Aim of the exercise: What you output must match the entries exactly, apart from the pictures, which are left out.
*** Block opens ***
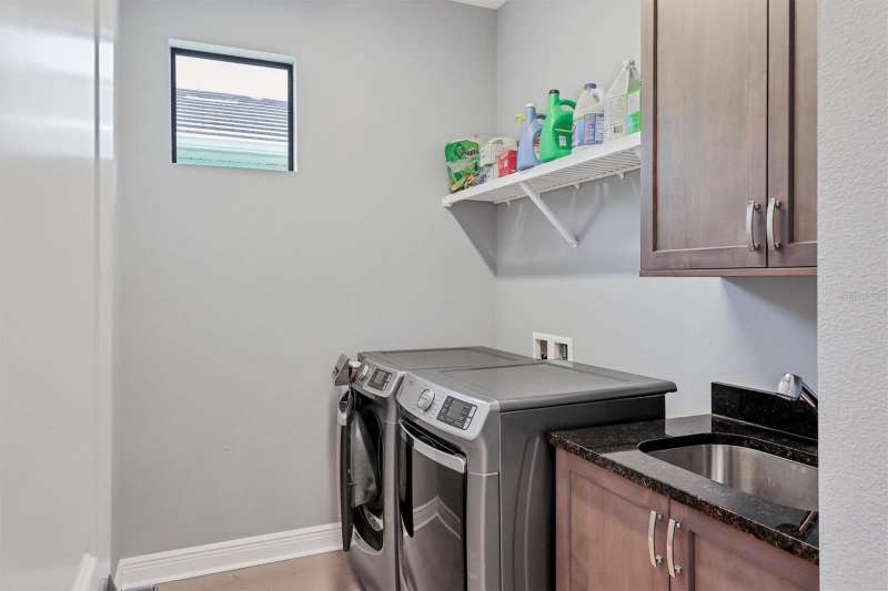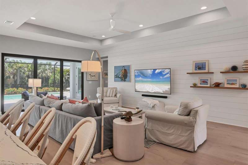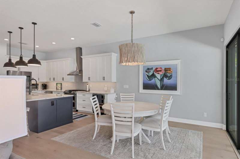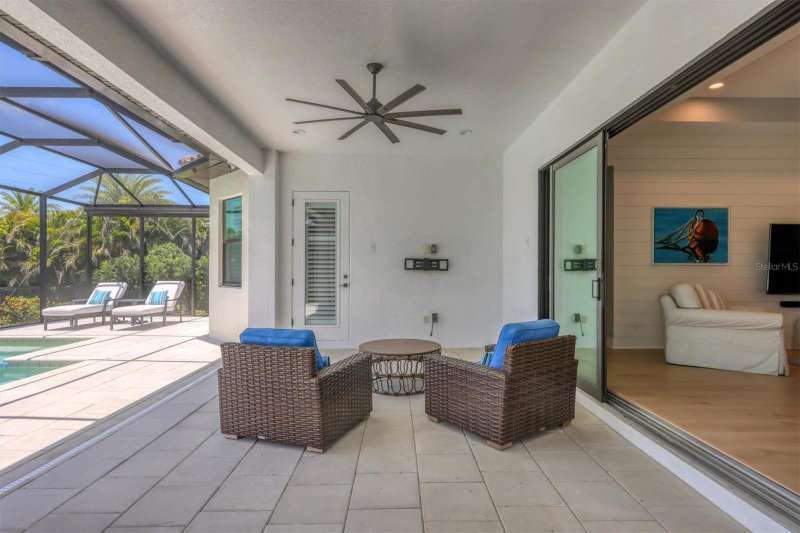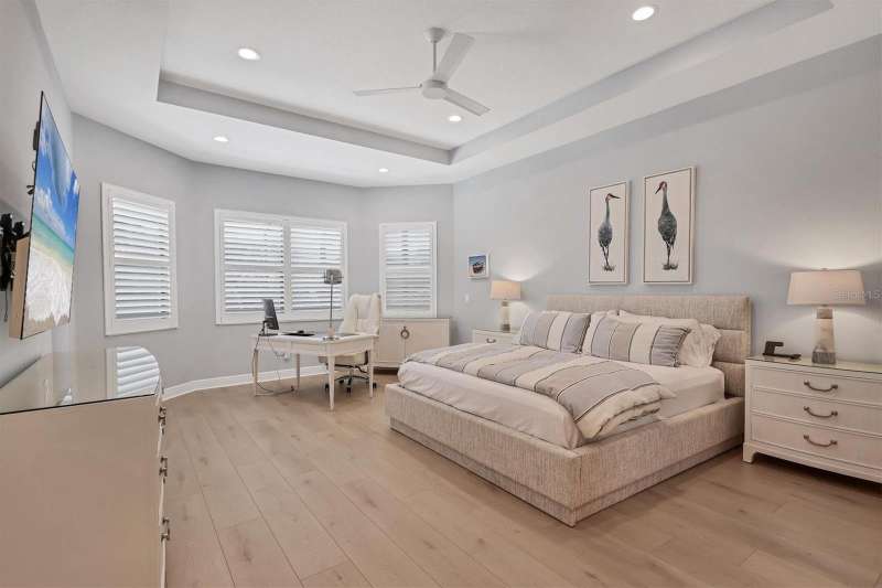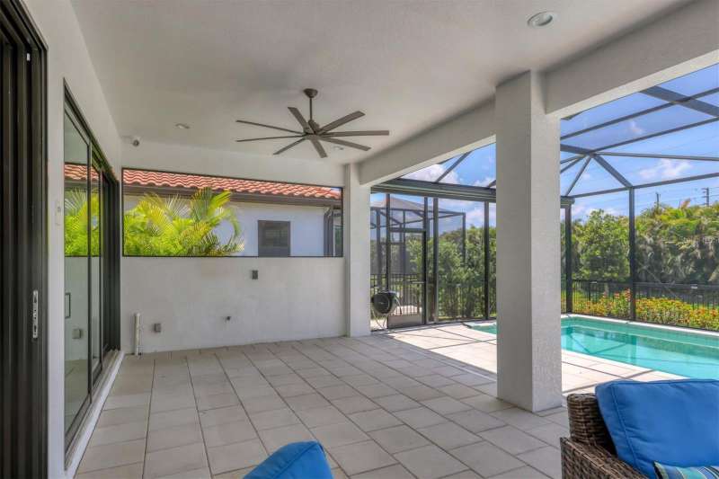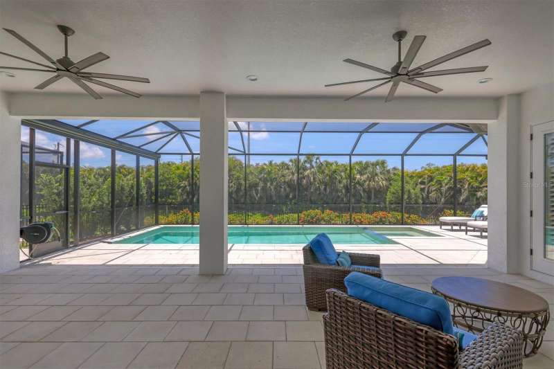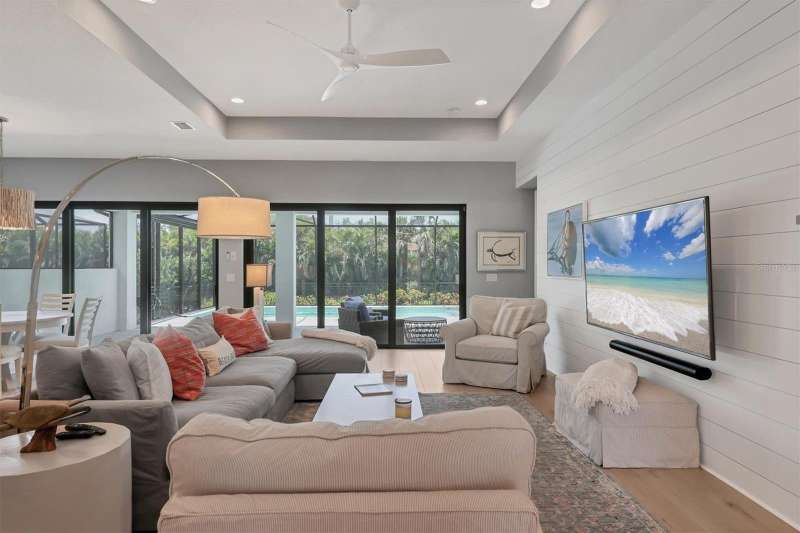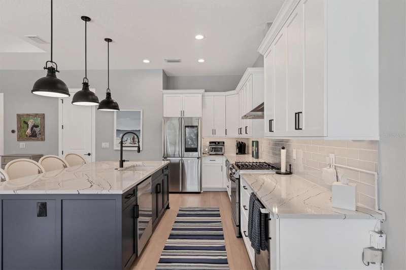 Price improvement. Heritage Builders, the finest custom home builder in Sarasota, created this stylish enclave in 2022. This home exemplifies modern coastal elegance. Offering over 2,150 square feet of impeccably designed living space blending sophistication with everyday comfort. Enter through grand double glass doors into a foyer with soaring ceilings, dramatically lit by a designer LED chandelier. The floors are covered in Wide Plank Luxury Laminate throughout the main living areas and tile in the bathrooms. The expansive gathering room makes a striking impression with its feature wall opening seamlessly to the covered lanai, creating an ideal space for entertaining. The chef inspired gourmet kitchen is a dream for anyone looking for a natural gas range, stainless steel appliances, crisp white cabinetry, a bold navy island, and quartz countertops, it’s both functional and visually striking. The oversized island comfortably seats four and flows effortlessly into the dining area, living space, and out to the lanai through sliding glass doors, offering a seamless indoor-outdoor lifestyle. The spacious primary suite provides a peaceful retreat, a custom walk-in closet with wood shelving, and a luxurious ensuite bath featuring a double vanity. The home’s smart split floor plan ensures privacy, with two additional guest bedrooms—one with its own ensuite bath and walk-in shower, and the other conveniently located near a full bath with a tub/shower combination. Practical features include a dedicated laundry room with a utility sink and ample storage, along with a two-car garage finished with epoxy-coated floors. Outdoors, enjoy your own private sanctuary featuring a resort-style pool and spa, generous deck space for lounging, and a covered lanai perfect for al fresco dining. Motorized privacy screens provide added comfort, while the fenced-in yard is ideal for pets or play. Located in the gated enclave of Sandhill Lake, home to just over 40 residences, you'll appreciate the warm, close-knit community feel along with amenities such as a community pool and clubhouse. All of this is just minutes from Sarasota’s premier shopping, dining, parks, and the world-renowned Siesta Key Beach. Call to schedule a private showing.
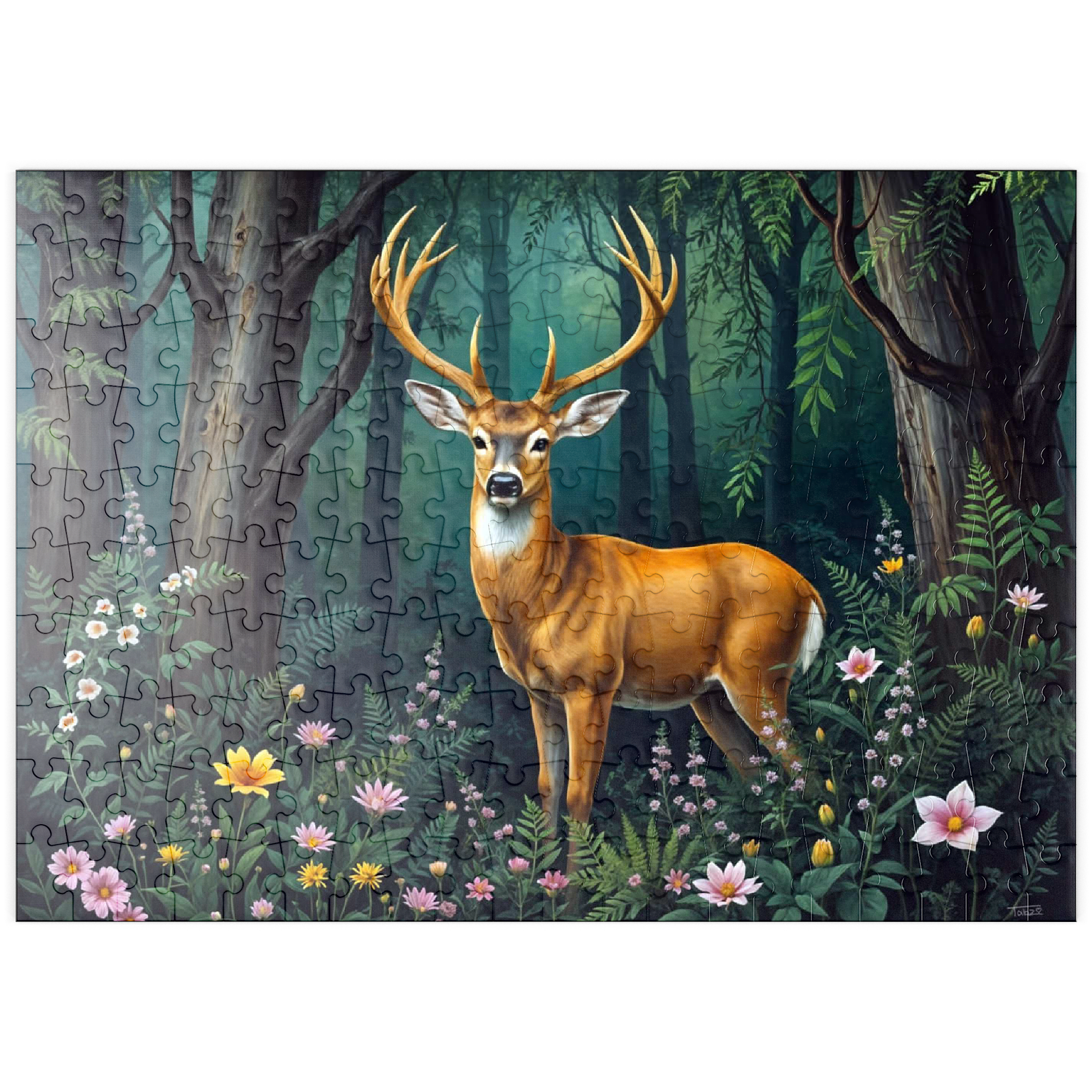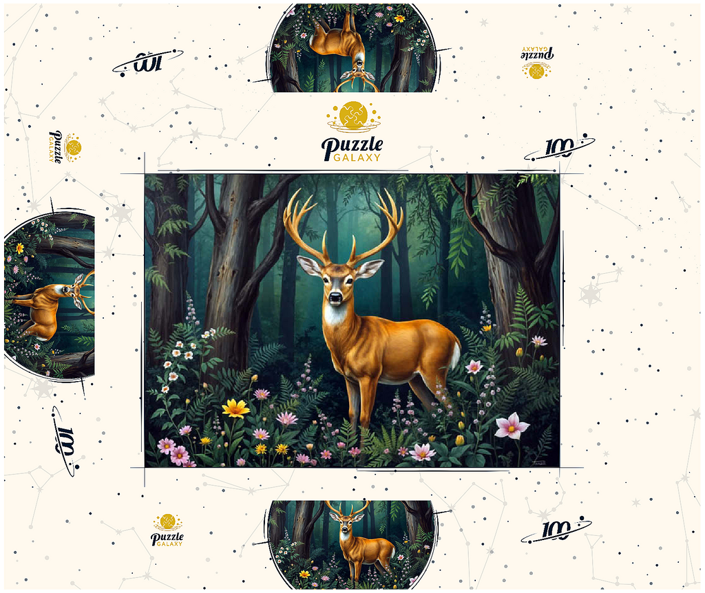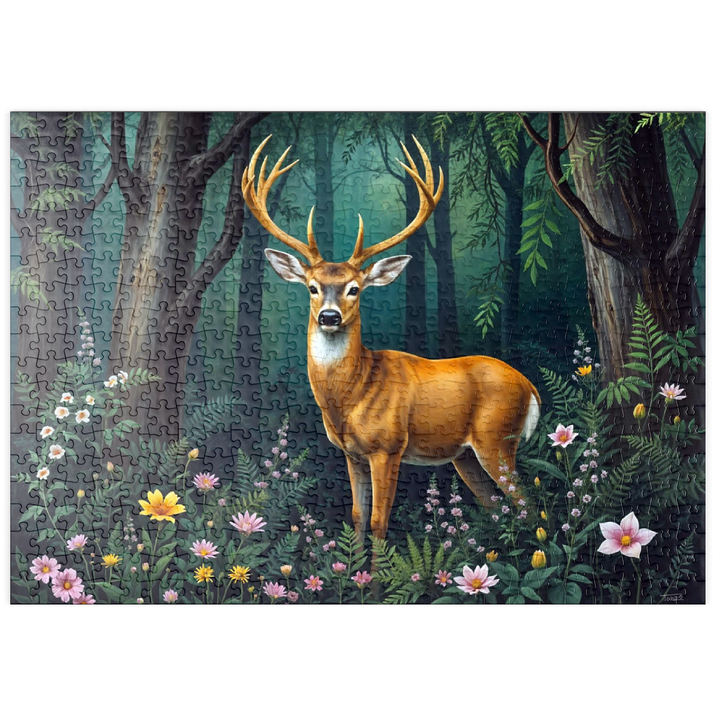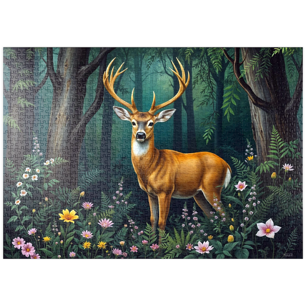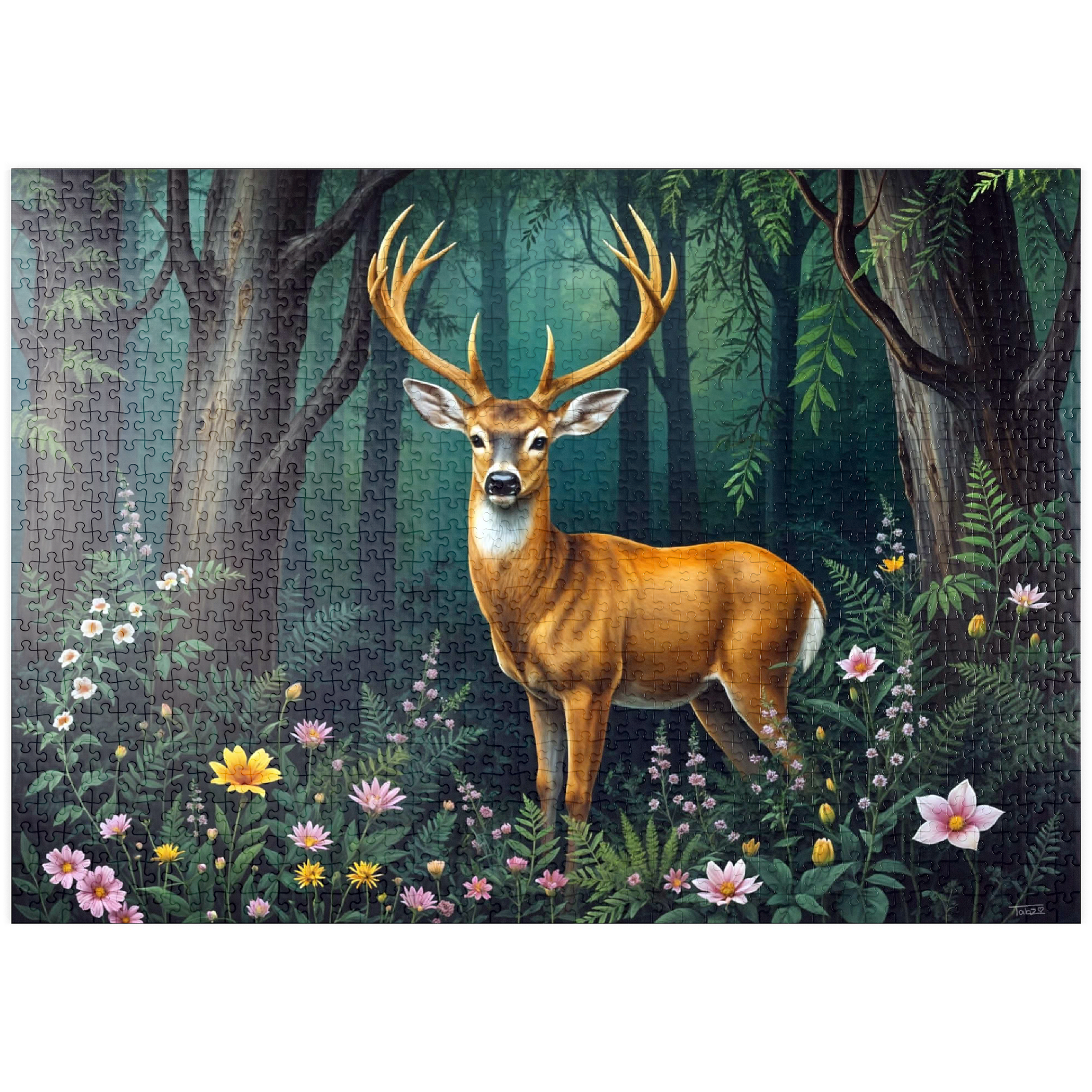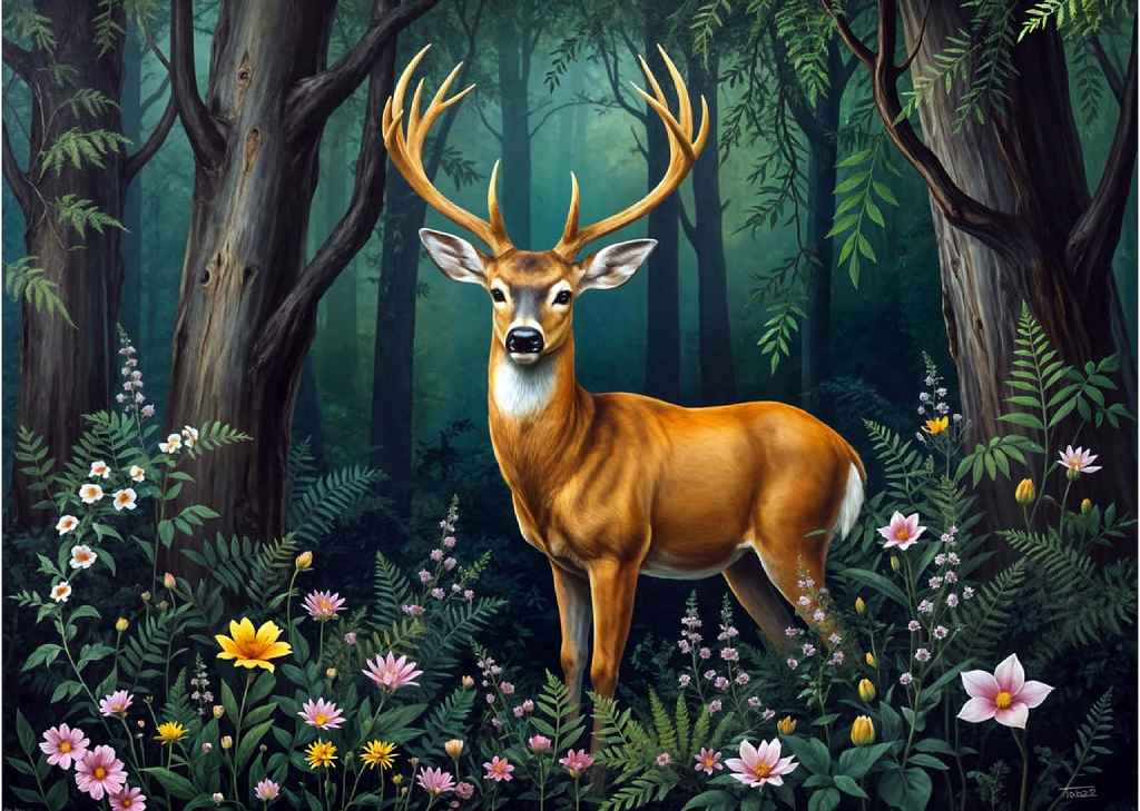 Ein faszinierendes digitales Kunstwerk, das einen majestätischen Hirsch zeigt, der anmutig in einer üppigen Waldlichtung steht. Das goldbraune Fell und das beeindruckende Geweih des Hirsches heben sich vom leuchtend grünen Laub des dichten Waldes ab. Sanftes Licht fällt durch die hohen Bäume und taucht den Waldboden, der mit zarten Wildblumen in Rosa-, Gelb- und Weißtönen geschmückt ist, in ein ruhiges Licht. Die friedliche Atmosphäre und die detailreiche Kunstfertigkeit schaffen eine ruhige Szene, die perfekt für Naturliebhaber, Wildtierfans und Fans rustikaler Dekoration ist. Ideal als Wandkunst oder als Blickfang in Hütten, Lodges oder Räumen mit Naturthema.
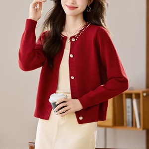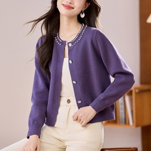 钉珠圆领长袖针织开衫毛衣外套女2025春秋新款高级感外搭短款上衣
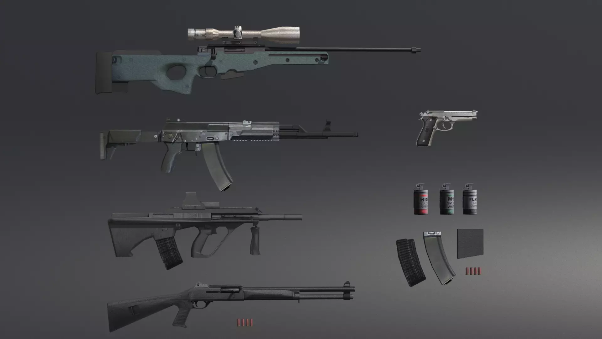 Each weapon has 2 seperated objects (Riffle and Mag/shell)texture size 1k for each object , pbr textures(diffuse,metallic,roughness,normal)
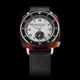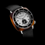 HM automatic Clubmaster Legend Small Second watch, 39 mm. Case in stainless steel and tortoiseshell acetate. Open heart on back. White dial. Hours, minutes, small seconds at 6 o'clock. Bidirectional rotating bezel with 12 o'clock indication. Hands with Superluminova® C1 luminescent inserts. Ultra-resistant sapphire crystal. Water-resistant to 50m / 5 ATM. Exclusive black vintage calfskin leather strap with black stitching. Miyota 82S5 automatic movement.
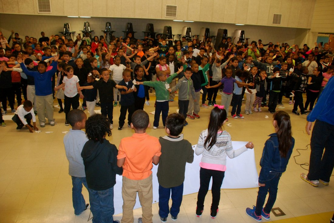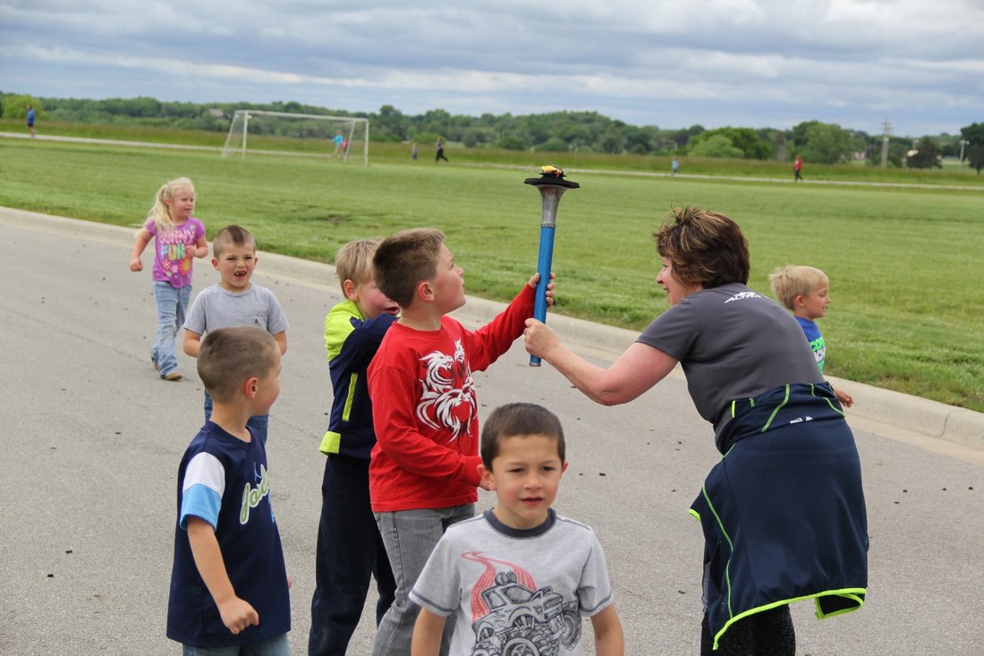 Principal Molly Struzzo holds the Peace Torch with some of the children who were very happy after a wonderful ceremony.
*** Block closes ***
Exercise output:
 Price improvement. Heritage Builders, the finest custom home builder in Sarasota, created this stylish enclave in 2022. This home exemplifies modern coastal elegance. Offering over 2,150 square feet of impeccably designed living space blending sophistication with everyday comfort. Enter through grand double glass doors into a foyer with soaring ceilings, dramatically lit by a designer LED chandelier. The floors are covered in Wide Plank Luxury Laminate throughout the main living areas and tile in the bathrooms. The expansive gathering room makes a striking impression with its feature wall opening seamlessly to the covered lanai, creating an ideal space for entertaining. The chef inspired gourmet kitchen is a dream for anyone looking for a natural gas range, stainless steel appliances, crisp white cabinetry, a bold navy island, and quartz countertops, it’s both functional and visually striking. The oversized island comfortably seats four and flows effortlessly into the dining area, living space, and out to the lanai through sliding glass doors, offering a seamless indoor-outdoor lifestyle. The spacious primary suite provides a peaceful retreat, a custom walk-in closet with wood shelving, and a luxurious ensuite bath featuring a double vanity. The home’s smart split floor plan ensures privacy, with two additional guest bedrooms—one with its own ensuite bath and walk-in shower, and the other conveniently located near a full bath with a tub/shower combination. Practical features include a dedicated laundry room with a utility sink and ample storage, along with a two-car garage finished with epoxy-coated floors. Outdoors, enjoy your own private sanctuary featuring a resort-style pool and spa, generous deck space for lounging, and a covered lanai perfect for al fresco dining. Motorized privacy screens provide added comfort, while the fenced-in yard is ideal for pets or play. Located in the gated enclave of Sandhill Lake, home to just over 40 residences, you'll appreciate the warm, close-knit community feel along with amenities such as a community pool and clubhouse. All of this is just minutes from Sarasota’s premier shopping, dining, parks, and the world-renowned Siesta Key Beach. Call to schedule a private showing.
 Ein faszinierendes digitales Kunstwerk, das einen majestätischen Hirsch zeigt, der anmutig in einer üppigen Waldlichtung steht. Das goldbraune Fell und das beeindruckende Geweih des Hirsches heben sich vom leuchtend grünen Laub des dichten Waldes ab. Sanftes Licht fällt durch die hohen Bäume und taucht den Waldboden, der mit zarten Wildblumen in Rosa-, Gelb- und Weißtönen geschmückt ist, in ein ruhiges Licht. Die friedliche Atmosphäre und die detailreiche Kunstfertigkeit schaffen eine ruhige Szene, die perfekt für Naturliebhaber, Wildtierfans und Fans rustikaler Dekoration ist. Ideal als Wandkunst oder als Blickfang in Hütten, Lodges oder Räumen mit Naturthema.
 钉珠圆领长袖针织开衫毛衣外套女2025春秋新款高级感外搭短款上衣
 Each weapon has 2 seperated objects (Riffle and Mag/shell)texture size 1k for each object , pbr textures(diffuse,metallic,roughness,normal)
 HM automatic Clubmaster Legend Small Second watch, 39 mm. Case in stainless steel and tortoiseshell acetate. Open heart on back. White dial. Hours, minutes, small seconds at 6 o'clock. Bidirectional rotating bezel with 12 o'clock indication. Hands with Superluminova® C1 luminescent inserts. Ultra-resistant sapphire crystal. Water-resistant to 50m / 5 ATM. Exclusive black vintage calfskin leather strap with black stitching. Miyota 82S5 automatic movement.
 Principal Molly Struzzo holds the Peace Torch with some of the children who were very happy after a wonderful ceremony.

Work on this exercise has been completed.